Several approaches to automatically generate Web recommendations based on
user’s Web navigation patterns or ratings exist. Some involve learning a usage
model from Web access data or from user ratings. For example, lazy modeling is
used in collaborative filtering which simply stores all users’ information and
then relies on K-Nearest-Neighbors (KNN) to provide recommendations from the
previous history of similar users (Schafer et al., 1999). Frequent itemsets (Mobasher et al., 2001), a partitioning of user sessions
into groups of similar sessions, called session clusters (Nasraoui et al., 1999; Mobasher et al., 2000), or user profiles (Nasraoui et al., 1999; Mobasher et al., 2000) can also form a user model obtained
using data mining. Association rules can be discovered offline, and then used
to provide recommendations based on web navigation patterns.
Among the most popular methods, the
ones based on collaborative filtering and the ones based on fixed support
association rule discovery may be the most difficult and expensive to use. This
is because, for the case of high-dimensional (too many web pages or
items) and extremely sparse (most items/web pages tend to be
unrated/unvisited) Web data, it is difficult to set suitable support and
confidence thresholds to yield reliable and complete web usage patterns.
Similarly, collaborative models may struggle with sparse data, and do not scale
well to a very large number of users (Schafer et al., 1999).
Challenges in WWW Personalization
WWW personalization faces several tough challenges that distinguish it
from the main stream of data mining:
(1) Scalability – In order to deal with large websites that have huge activity,
personalization systems need to be scalable,
i.e. efficient in their time and memory requirements. To this end, some
researchers (Nasraoui et al., 2003) have started considering web usage data as
a special case of noisy data streams
(data that arrives continuously in an environment constrained by stringent
memory and computational resources. Hence the data can only be processed and analyzed
sequentially, and cannot be stored).
(2) Accuracy – WWW personalization poses an enormous risk of upsetting users or
e-commerce customers in case the recommendations are inaccurate. One promising
approach (Nasraoui and Pavuluri, 2004) in this direction is to add an
additional data mining phase that is separate from the one used to discover
user profiles by clustering previous user sessions, and whose main purpose is to learn an accurate recommendation model. This approach differs from
existing methods that do not include adaptive learning in a separate second
phase, and instead base the recommendations on simplistic assumptions (e.g.

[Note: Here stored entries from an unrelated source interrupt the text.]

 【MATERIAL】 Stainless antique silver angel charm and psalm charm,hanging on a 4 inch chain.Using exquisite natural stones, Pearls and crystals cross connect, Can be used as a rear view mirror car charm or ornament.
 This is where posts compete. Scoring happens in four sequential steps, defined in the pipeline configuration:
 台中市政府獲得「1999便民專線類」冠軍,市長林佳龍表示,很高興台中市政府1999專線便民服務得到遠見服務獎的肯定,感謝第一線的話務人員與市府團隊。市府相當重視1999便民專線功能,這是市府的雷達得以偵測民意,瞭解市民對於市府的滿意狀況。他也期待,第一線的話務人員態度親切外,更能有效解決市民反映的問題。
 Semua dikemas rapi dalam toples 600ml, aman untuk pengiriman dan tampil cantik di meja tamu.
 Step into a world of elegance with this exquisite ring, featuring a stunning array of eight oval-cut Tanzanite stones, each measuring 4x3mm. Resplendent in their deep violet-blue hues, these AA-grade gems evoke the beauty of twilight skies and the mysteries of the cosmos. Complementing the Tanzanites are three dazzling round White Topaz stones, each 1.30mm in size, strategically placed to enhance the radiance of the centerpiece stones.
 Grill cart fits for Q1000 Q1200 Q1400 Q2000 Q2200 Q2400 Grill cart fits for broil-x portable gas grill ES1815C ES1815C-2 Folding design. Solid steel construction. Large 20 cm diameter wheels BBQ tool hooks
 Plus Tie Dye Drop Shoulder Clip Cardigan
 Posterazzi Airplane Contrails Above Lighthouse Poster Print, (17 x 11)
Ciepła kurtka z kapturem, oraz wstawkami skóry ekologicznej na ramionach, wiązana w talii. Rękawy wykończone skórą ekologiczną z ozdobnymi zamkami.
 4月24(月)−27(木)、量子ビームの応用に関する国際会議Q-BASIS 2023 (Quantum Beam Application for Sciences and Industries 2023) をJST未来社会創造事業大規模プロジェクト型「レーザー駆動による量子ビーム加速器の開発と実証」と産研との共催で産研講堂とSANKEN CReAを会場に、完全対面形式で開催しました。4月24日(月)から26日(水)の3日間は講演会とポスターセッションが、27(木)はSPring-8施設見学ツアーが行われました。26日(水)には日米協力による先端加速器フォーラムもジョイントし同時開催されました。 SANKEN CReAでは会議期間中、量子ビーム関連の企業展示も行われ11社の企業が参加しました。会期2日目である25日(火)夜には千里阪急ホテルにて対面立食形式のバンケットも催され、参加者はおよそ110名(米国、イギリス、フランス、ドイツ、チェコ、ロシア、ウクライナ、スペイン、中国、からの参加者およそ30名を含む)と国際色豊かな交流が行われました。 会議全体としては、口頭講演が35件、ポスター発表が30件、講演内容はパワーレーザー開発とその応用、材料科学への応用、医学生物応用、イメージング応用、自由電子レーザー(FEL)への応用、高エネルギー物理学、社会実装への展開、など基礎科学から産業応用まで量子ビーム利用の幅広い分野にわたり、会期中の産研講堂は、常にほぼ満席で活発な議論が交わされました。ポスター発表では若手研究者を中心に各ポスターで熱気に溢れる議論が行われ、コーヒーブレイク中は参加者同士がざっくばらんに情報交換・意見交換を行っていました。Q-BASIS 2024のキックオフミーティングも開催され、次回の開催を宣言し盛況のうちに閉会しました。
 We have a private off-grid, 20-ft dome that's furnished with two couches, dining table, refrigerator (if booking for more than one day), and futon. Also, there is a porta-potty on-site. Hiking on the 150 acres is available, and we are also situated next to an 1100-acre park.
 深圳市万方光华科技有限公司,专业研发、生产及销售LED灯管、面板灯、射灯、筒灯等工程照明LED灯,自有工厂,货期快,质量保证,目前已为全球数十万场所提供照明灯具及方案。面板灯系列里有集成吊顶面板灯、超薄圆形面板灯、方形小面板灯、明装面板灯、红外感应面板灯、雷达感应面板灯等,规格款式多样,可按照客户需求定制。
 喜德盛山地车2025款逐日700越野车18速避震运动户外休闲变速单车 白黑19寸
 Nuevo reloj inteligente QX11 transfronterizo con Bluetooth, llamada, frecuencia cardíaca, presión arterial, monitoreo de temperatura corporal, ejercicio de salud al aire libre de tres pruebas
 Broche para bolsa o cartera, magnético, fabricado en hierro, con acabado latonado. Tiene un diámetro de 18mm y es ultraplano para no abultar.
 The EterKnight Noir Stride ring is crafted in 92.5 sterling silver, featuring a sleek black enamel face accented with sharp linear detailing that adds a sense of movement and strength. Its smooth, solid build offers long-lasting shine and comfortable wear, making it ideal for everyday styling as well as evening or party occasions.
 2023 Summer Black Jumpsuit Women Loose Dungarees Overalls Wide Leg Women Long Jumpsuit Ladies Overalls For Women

nearest profile recommendations, or deployment of pre-discovered association
rules). Based on this new approach a new method was developed for generating
simultaneously accurate and complete
recommendations, called Context
Ultra-Sensitive Approach based on two-step Recommender systems (CUSA-2-step-Rec) (Nasraoui and Pavuluri, 2004). CUSA-2-step-Rec relies on a committee of profile-specific URL-predictor
neural networks. This approach provides recommendations that are accurate and
fast to train because only the URLs relevant to a specific profile are used to
define the architecture of each network. Similar to the task of completing the
missing pieces of a puzzle, each neural network is trained to predict the missing
URLs of several complete ground-truth sessions from a given profile, given as
input several incomplete subsessions. This is the
first approach that, in a sense, personalizes
the recommendation modeling process
itself depending on the user profile.
(3) Evolving User Interests – Dealing with rapidly evolving user interests
and highly dynamic websites requires a migration of the complete web usage
mining phases from an offline framework to one that is completely online. This can only be accomplished with scalable single-pass
evolving stream mining techniques (Nasraoui et al., 2003). Other researchers
have also studied web usage from the perspective of evolving graphs (Desikan and Srivastava, 2004).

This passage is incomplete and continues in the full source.